The cable soon flashed the unwelcome news that only £1,554,834 was subscribed. After some difficulty a Stock Exchange syndicate was formed to underwrite £1,182,400 of the balance, the price realised for the whole amount taken up averaging £87 6s. 1d. per £100 of 3½ per cent. stock. Thus the net proceeds of the loan of £3,704,800 were only £3,234,376, a depreciation loss of £470,424. The interest charge on this new loan was £129,668; so that the interest, while nominally 3½ per cent., was really just 4 per cent. on the money received, and, in addition, at due date (1930), £470,424 depreciation will have to be made good. But the tragedy did not end there, for the money borrowed, or the greater part of it, had not reached the Treasury in 1893, but ranked among the "suspended bank deposits" which then paralysed both Government and private depositors.
That the time chosen for going on the money market was not opportune may be gathered from the fact that in 1889 Queensland 3½ per cent. stock had brought £96 0s. 11d. per £100, and in 1894—three years after the forced sale at £87 6s. 1d. in 1891—an issue of our stock of the same denomination brought £98 14s. 0¼d. per £100. It may be noted that the Queensland loan of 1890-91 was the first underwritten Government loan issued by an Australian colony, though since that time all Government loans have been underwritten.

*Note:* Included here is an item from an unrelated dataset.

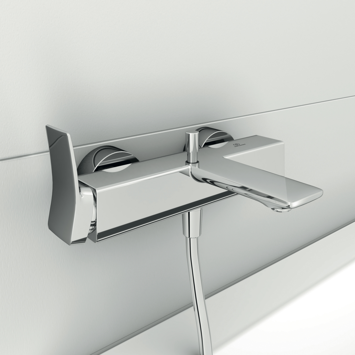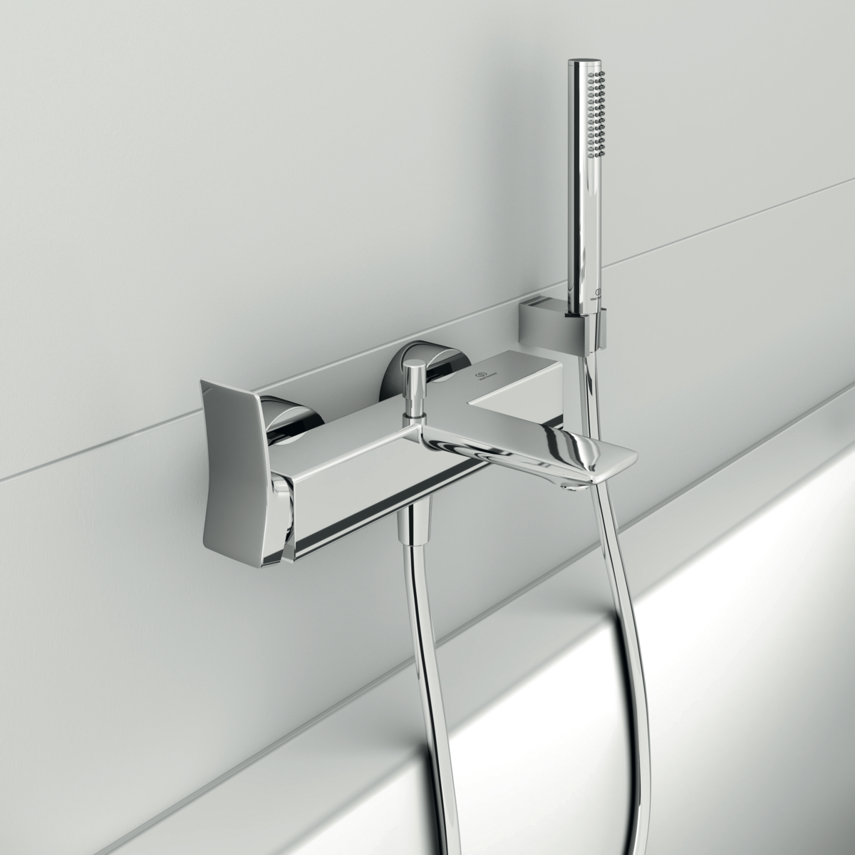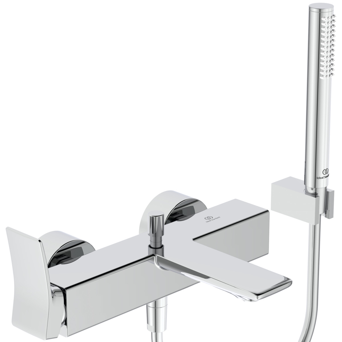 CONCA Настенный смеситель для ванны/душа с душевым комплектом, керамический картридж FirmaFlow 38 мм, с функцией HWTC (ограничение максимальной температуры горячей воды), без функции CLICK, логотип Ideal Standard на корпусе, металлическая рукоятка без индикаторов горячей/холодной воды, обратный клапан, эксцентрики с шумопонижателем, аэратор Coin slot M24x1, автоматическое переключение. Душевой комплект: металлический ручной душ типа Stick с логотипом Ideal Standard, шланг IdealFlex 1600 мм, квадратный держатель для душа

Heavy as our sacrifice in 1891 may have been, it was infinitely less disastrous than making default must have proved; and perhaps after all the experience gained was worth its cost, for, although the colony staggered under the blow, its progress was checked only for the time.
In 1890 an amending Audit Act was passed—Sir Thomas McIlwraith being then Treasurer—section 4 of which made the important provision that it should not be lawful for the Colonial Treasurer to expend any moneys standing to the credit of the Loan Fund Account except under the authority of an annual or special Appropriation Act, in like manner as moneys were expended out of the Consolidated Revenue Fund for the current expenses of government. By section 6 it was provided that, when it was necessary to expend for any work money in excess of the appropriation, then, if such sum were included in any Appropriation Act, the Governor in Council might authorise the additional expenditure from the Loan Fund. By section 8, annual Loan Estimates, specifying the nature of the work proposed, were to be submitted, as in the case of the Estimates of ordinary expenditure. This Act was passed to avoid the evil of placing large amounts of borrowed money at the uncontrolled disposal of the Ministry of the day.